Working on the assumption that the data has been preprocessed to include no missing values or bad data entries, conclude that the data is of good quality for analyses.

**4]** Plot a line chart of the data.  Explain in the cell below your graph whether there is clear evidence of trend and/or seasonality.

**5]** Chart the rolling statistics plots.  In the cell below your graph, explain by looking at the rolling statistics whether there is clear evidence of trend and/or seasonality.

**6]** Use **seasonal_decompose( )** to decompose your time series data.  Plot the decomposition and explain in the cell below your graph whether there is clear evidence of trend and/or seasonality.

**7]** Use a Dickey-Fuller test to determine whether your *temperatures* dataset is stationary.  Explain below your analysis using 85% confidence.

**8]** Apply first order differencing to the *temperatures* data.  

**9]** Apply a Dickey-Fuller test to recheck stationarity.  Explain in the cell below your analysis your interpretation of the p-value at a 95% confidence level. 

**10]** Assuming that *temperatures_first_diff* was confirmed stationary, use Python's **auto.arima( )** to find the best ARIMA model to make predictions regarding Melbourne's average monthly temperatures.  Pass in *seasonal=True* if there was evidence of seasonality present.

**11]** Split the data into testing and training subsets.  Use 1/1/89 to 12/1/90 as your test data and train on the rest.

**12]** Use the training data to train your model.

**13]** Use the testing data to evaluate your model.  In the cell below your analysis, explain how well your model predicts.

**14]** Convert your predictions to a Pandas DataFrame.  Then use Pandas **.sort_index( )** to reorder the DataFrame by Month.  Print your predictions to the screen.

**15]** Plot the predictions vs the actual temperatures data values to help you see how good your predictions are.  Remember to use Pandas **.sort( )** to reorder the test DataFrame by Month before plotting.

**16]** Does the plot verify what R Squared indicated regarding how well future data is likely to be predicted by the model?
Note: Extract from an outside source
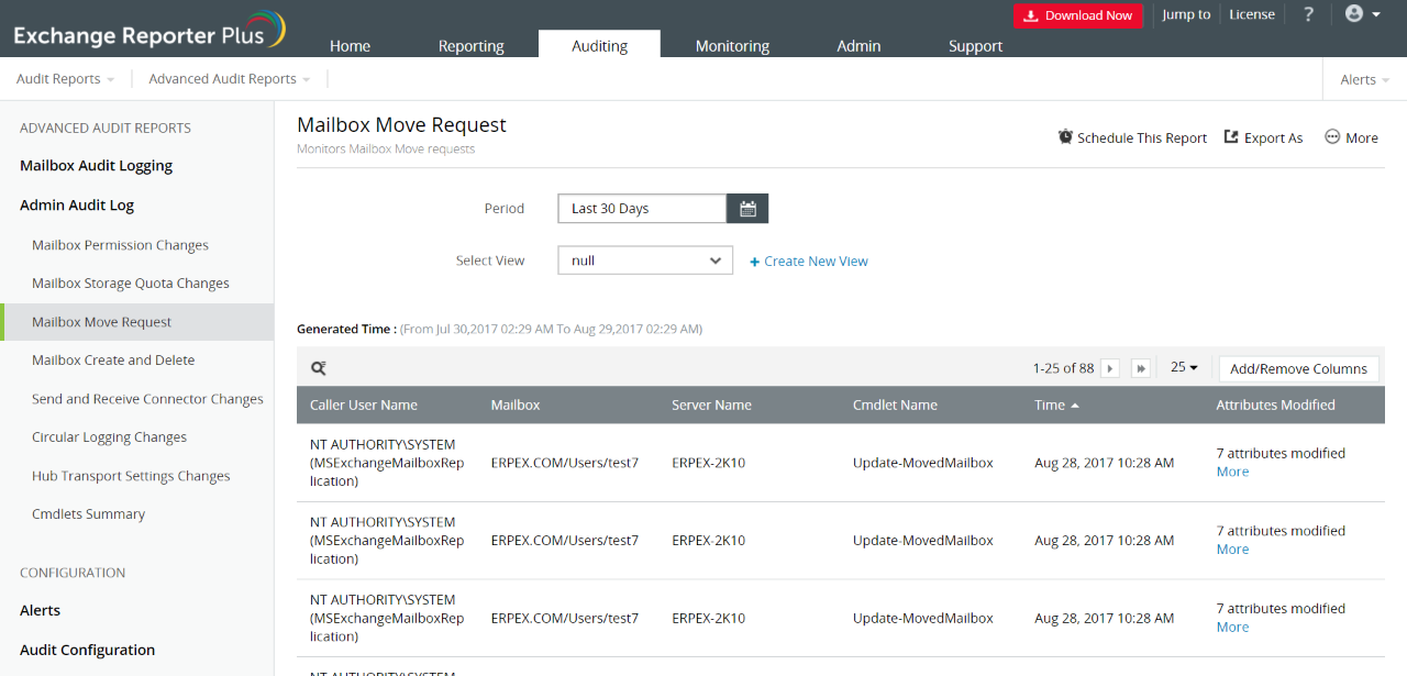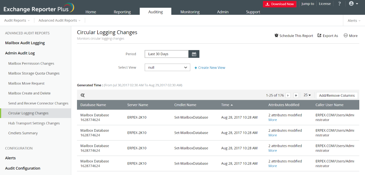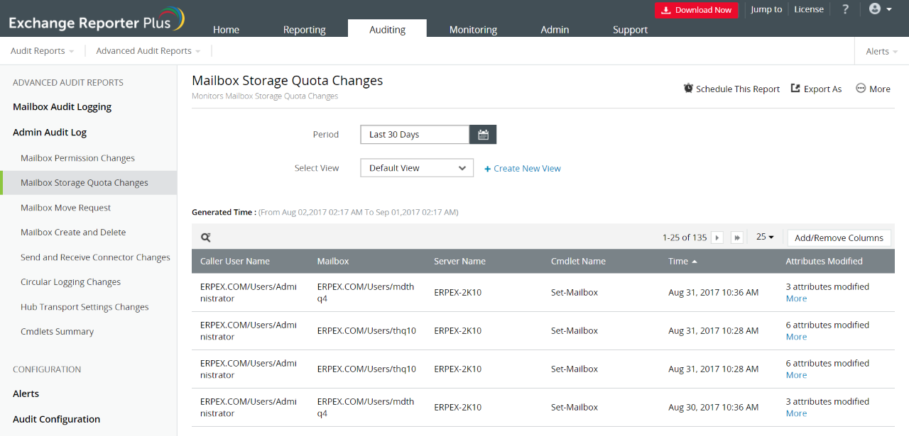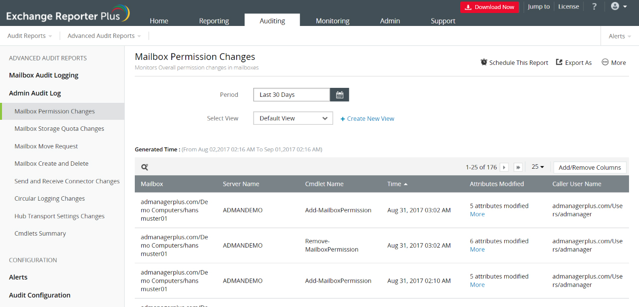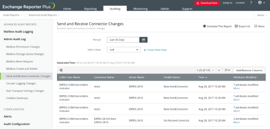 使用Exchange Reporter Plus的管理员审计日志报表审计您的管理员所做的所有更改。

Explain.

**17]** Assuming your R Squared is satisfactory and therefore indicates good model performance, use the ARIMA model to make predictions about future Melbourne average monthly temperatures.  Refit the model to the entire *temperatures* time series dataset.  Print the refitted model summary.

**18]** Make predictions 24 months into the future.

**19]** Run the following code to create the data months for which you are projecting and then convert your projections into a DataFrame with indices equal to the future date months.  The code assumes you named your time series DataFrame *temperatures* and your projections DataFrame *projections*.

In [None]:
from dateutil.relativedelta import *

new_date = temperatures.index[-1]
new_index = []

for y in range(len(test)):
    new_date = new_date + relativedelta(months=+1)
    new_index.append(new_date)
    
projections = pd.DataFrame(projections, index=new_index, columns=['Projections'])
print(projections)

**20]** Plot your *temperatures* and *projections* data.

**21]** Do your projections indicate a trend in Melbourne's average montly temperatures? Explain.